You made it to your car and started the short drive to Gareth’s house from the high school. He had sent you a text back that you read once you pulled up to his house, a text back that just said ‘it’s fine, no biggie,’ but to you it felt like a biggie, in fact, it felt like a big biggie. You hated being late and even more, you hated blowing people off. You grabbed your bag and hopped out of the car, walking towards the front door; taking a deep breath, you knocked on the door, waiting for someone to answer.
After a minute or so a cute little girl opened the door. She was probably around seven or so and looked just like Gareth—she had blue eyes, fluffy hair with little curls thrown about and an adorable smile with a tooth missing in the front. She held a small baby blue teddy bear under her arm and smiled up at you.
“Hi! I’m Gracie,” she beamed, looking at you.
“Hi, Gracie,” you smiled at her. “Is Gareth home?”
She nodded and giggled, turning around. “Gare! Your girlfriend is here!” She turned back to you and smiled, “you’re pretty.”

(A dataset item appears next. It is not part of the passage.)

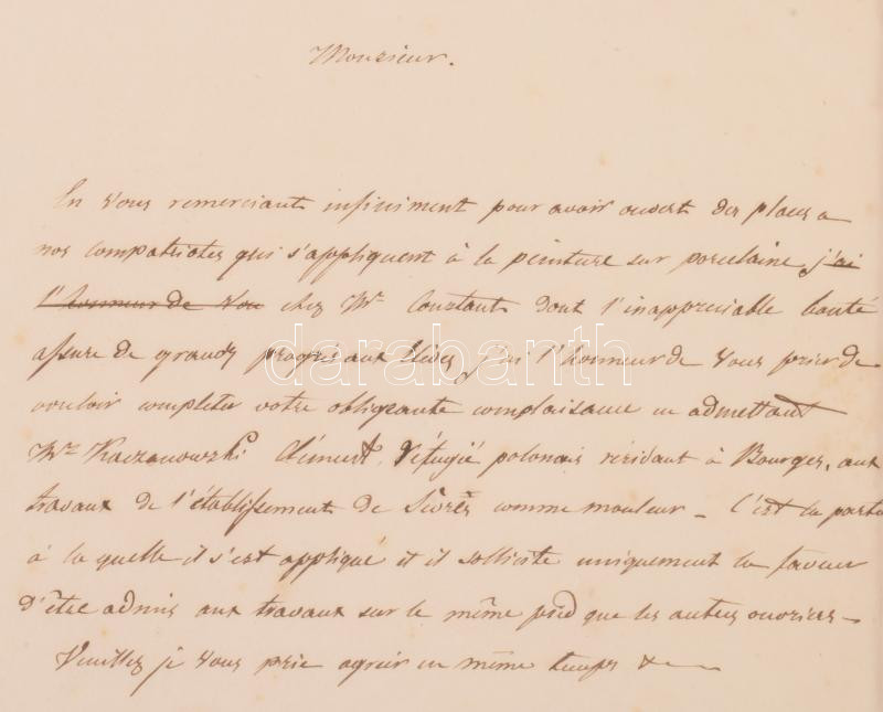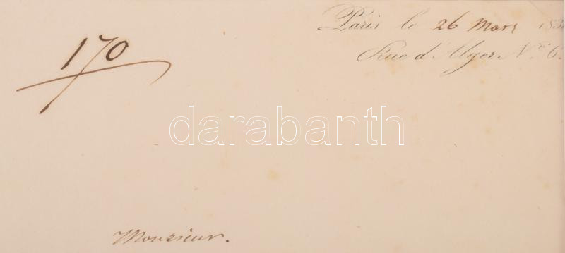 1835 József Bem / Jozef Zachariasz Bem (1794-1850) a Hungarian army lieutenant general of Polish origin, later an Ottoman pasha, "the father of the Bem of the Székelys". A one and a half page autograph letter in French from 1835 as director of the Société Polytechnique Poloniae, on the company's letterhead. Bem founded the institute as one of the leaders of the Polish emigration after the suppression of the Polish Revolution. During his emigration to Paris, he published several books, many under a pseudonym. The best known is: On the National Uprising in Poland. In this letter, he expresses his dissatisfaction with his publisher and his concerns regarding the book.

You blushed softly as she called you her brother’s girlfriend, smiling a little. “Why, thank you, Gracie.” After a minute Gareth came walking to the front door, looking at Gracie.
“Why are you yelling at me?” He asked, noticing you at the door. He smiled at you slightly before looking back at Gracie.
“I said your girlfriend is here,” Gracie said, pointing to you. “She’s pretty, Gare, are you going to kiss her?”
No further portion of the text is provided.